I am using this python script to generate the partitions
and here is the results, a folder of parquet files grouped by Date
which I can read using the PowerBI Desktop
I just casually read a parquet file, without any Programing Language !!! ( Kudos for the Product team), this is only to test the parquet is properly generated.

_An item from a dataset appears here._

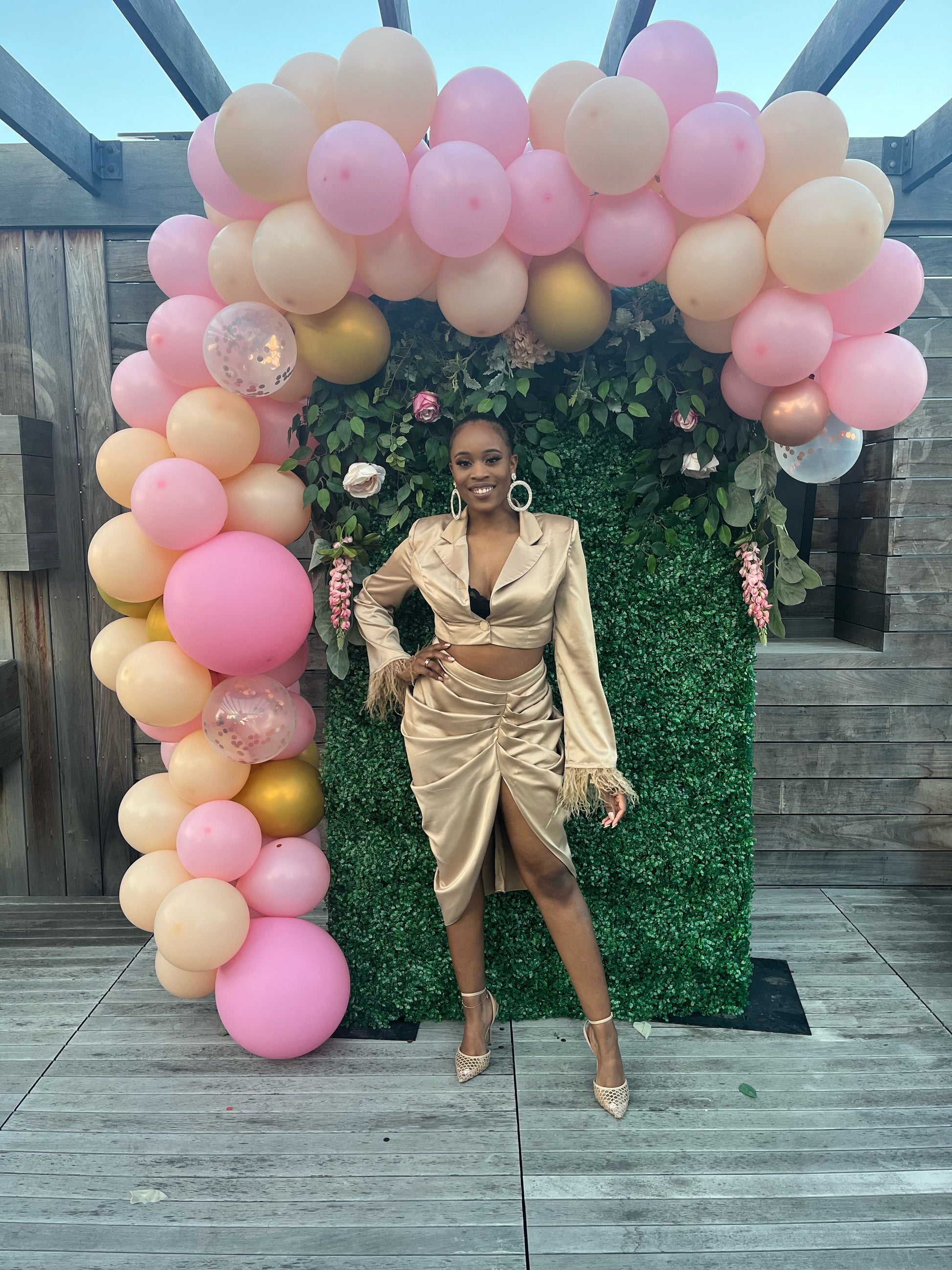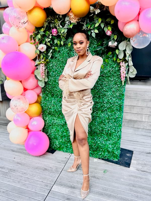 Roaring twenties 2 piece set features a cropped blazer jacket with feathered trim on the wrist. Side dropped designed skirt that can be worn at waist or high waisted for minimum mid drift appearance.

3- Load The files to Azure Storage
This is only a show case, but in a production workflow, you maybe using something like ADF or Python Cloud Functions, anyway to upload a lot of files, I am using Azure storage explorer
now we can start using Synapse Analytics
4- Create a View In Synapse Serverless
we are going to leverage filepath() function to get the partition date, please see the documentation , here is the Query to create a view
USE [test];
GO
DROP VIEW IF EXISTS parquet;
GO
CREATE VIEW parquet AS
SELECT
*,convert(Datetime,result.filepath(1),120) as date
FROM
OPENROWSET(
BULK 'https://xxxxxxxxxx.dfs.core.windows.net/parquet/nem.parquet/Date=*/*.parquet',
FORMAT='PARQUET'
) result
5- Test if the filter Partition Works
Let’s try some testing to see how much is scanned
no Filter, scan all the files, data processed 48 MB
now with filter , only Date 11/04/2018, Data processed 1 MB
6- Test in PowerBI
I build this small model, Date Table is import and Parquet is DirectQuery ( be cautious when using DirectQuery, PBI can be very chatty and generate a lot of SQL Queries, Currently, it is better to use only import mode, until cache support is added)
Case 1: View all Dates
Data Processed : 43 MB
Case 2: Filter Some Dates
let’s filter only 2 days
Note : please use Query reduction option in PowerBI desktop, otherwise, every time you move the slicer, a query will be generated
Here is the result
I was really excited when I saw the results: 1 MB Synapse Serverless was smart enough to scan only 2 files
7- Incremental Refresh
Instead of Direct Query, let’s try a more practical use case, I configured Incremental refresh to change dates only for the Last 3 days
and here is the List of Queries generated by PowerBI
I have only Data for 2018 and 2019, the second refresh (that Started at 3:45 PM) just refreshed the data for the Last three days and because there is no files for those dates the Query returned 0 MB, which is great.
Another Nice functionality is select top 100 which is generated by PowerQuery to check field type scanned only 1 MB !!!!
Just to be sure, I have done another refresh at 4 :24 PM and checked the Partitions using SSMS
Only the last three partions were refreshed and PQ sent only 6 Queries ( 1 select data for 1 day and the other check field type)
I think Azure storage + Synapse analytics Serverless + PowerBI Incremental Refresh may end up as a very powerful Pattern.